On June 17, 1982, Crump was making a pumpkin pie in the prison's kitchen while chained with a 10-inch shackle. He was able to escape the shackles due to unknown circumstances and later escaped from the prison itself. Crump stole a car and a gun and drove back to Albuquerque.

=== Murder of Ian Smith ===
Crump arrived in Albuquerque not long after and ditched the car. He waved down a cab being driven by 22-year-old Steve Hewitt, who stopped, and Crump jumped in and held him at gunpoint. He told the driver "I want you to know I'm Thomas Wayne Crump" before shooting him two times in the head. The bullets both bounced off his skull and Hewitt survived. Hours later Crump flagged down another cab, that being driven by 44-year-old Ian Smith. Crump attacked Smith who fought back. During their struggle Crump accidentally shot himself in his right shoulder, but was able to fight through it and also shoot Smith, killing him.

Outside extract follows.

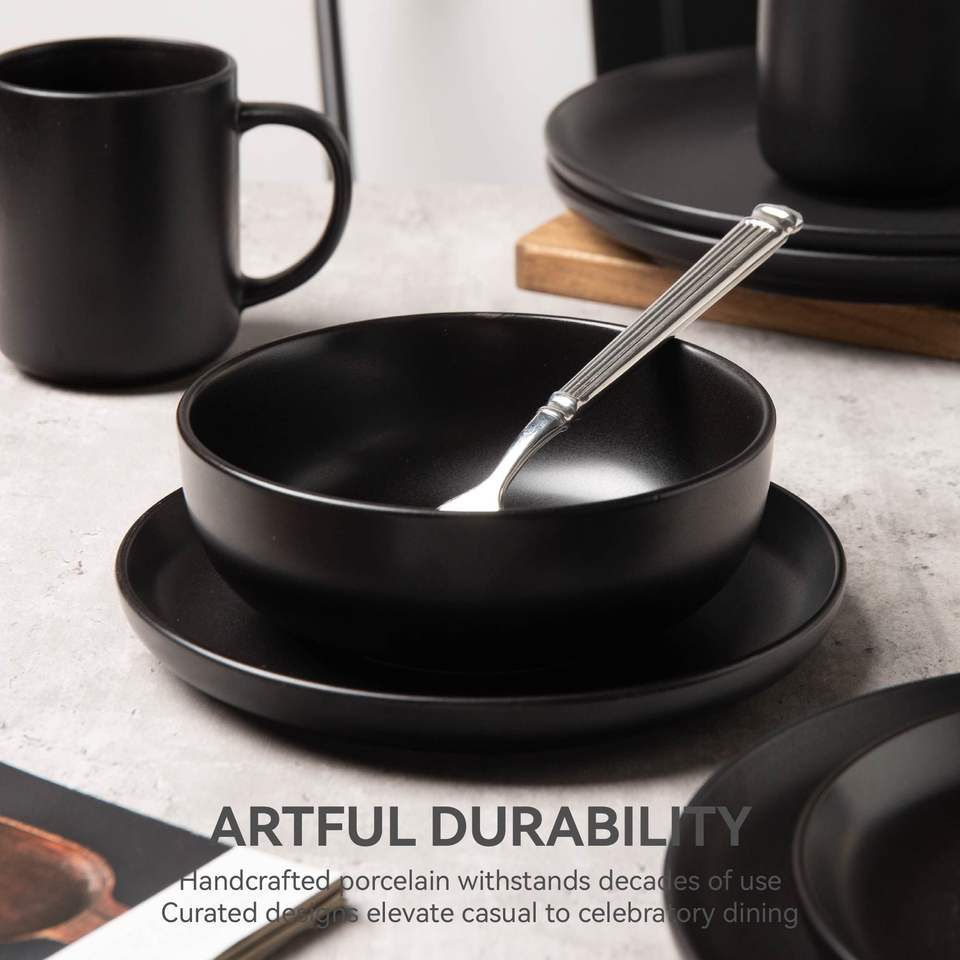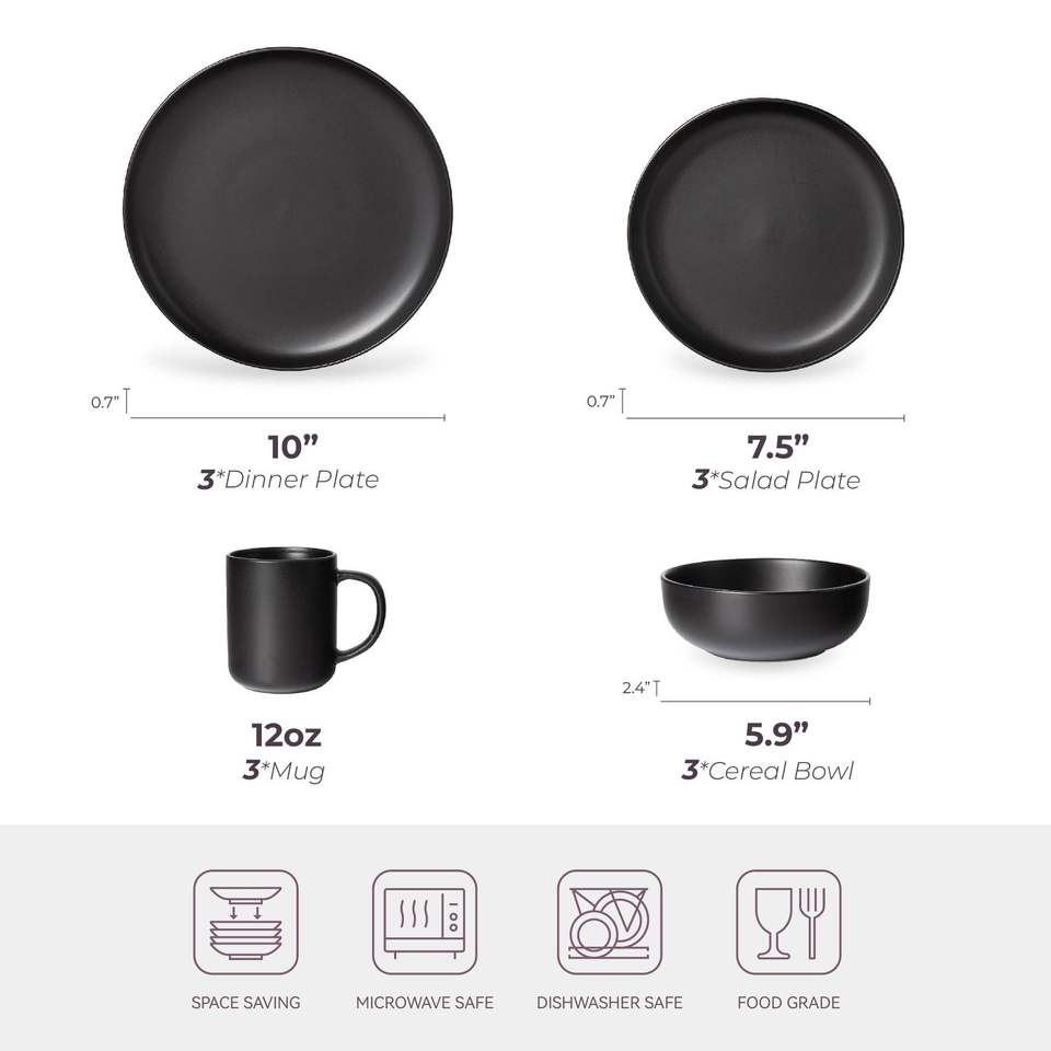 Set di Stoviglie in Gres da 12 Pezzi, Adatto per Microonde e Lavastoviglie, Piatti e Ciotole Non Tossici con Tazze, Design Impilabile

Crump staggered into a nearby motel and fell to the ground crying in pain. Motel staff called the police who arrived minutes later and arrested him. Nearby they found a taxi where a man appeared to be slumped over. When the officers tried to resuscitate him, they saw that he was already dead, from a gunshot. Crump was taken to an Albuquerque hospital where he was treated and later recovered.

== New convictions and imprisonment ==
In April of the following year, Crump pleaded guilty to murder and attempted murder, for which he was given a 62-year prison term for him to serve on top of his two life sentences. Afterwards Crump was extradited to Nevada because he still had to stand trial for a murder there, that of Jodie Jameson. During the trial there, jurors got to hear a videotaped confession of Crump admitting to killing Jameson due to him believing she was in cahoots with a career criminal. In the confession he stated that he "snapped", but denied feeling guilt about killing her.

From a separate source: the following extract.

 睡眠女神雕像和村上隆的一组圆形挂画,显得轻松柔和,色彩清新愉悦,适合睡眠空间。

 "I snapped. I didn't have, nothin'. I told her she could take [the money] to hell with her. No crime of murder, of violence is justifiable, but in my estimation it was. She deserved what she got, I don't feel no remorse over it. I could have obtained my money without killing her. I just wanted to kill her. It's an eye for an eye. I premeditated. I knew I was going to kill her and I did."

Crump stated that he "deserved the death sentence". In May 1984, he was sentenced to death. While on death row, Crump confessed to killing a total of seven people during his lifetime, starting at age 16 with the murder of a priest. Crump was scheduled to be executed on November 14, 1986, but that was delayed. In 1992 Crump was accused of stabbing another death row inmate who survived the attack.

== Death ==
For the remainder of his life, Crump was housed on death row. 34 years after being sentenced to death, on June 22, 2018, the 78-year-old Crump died.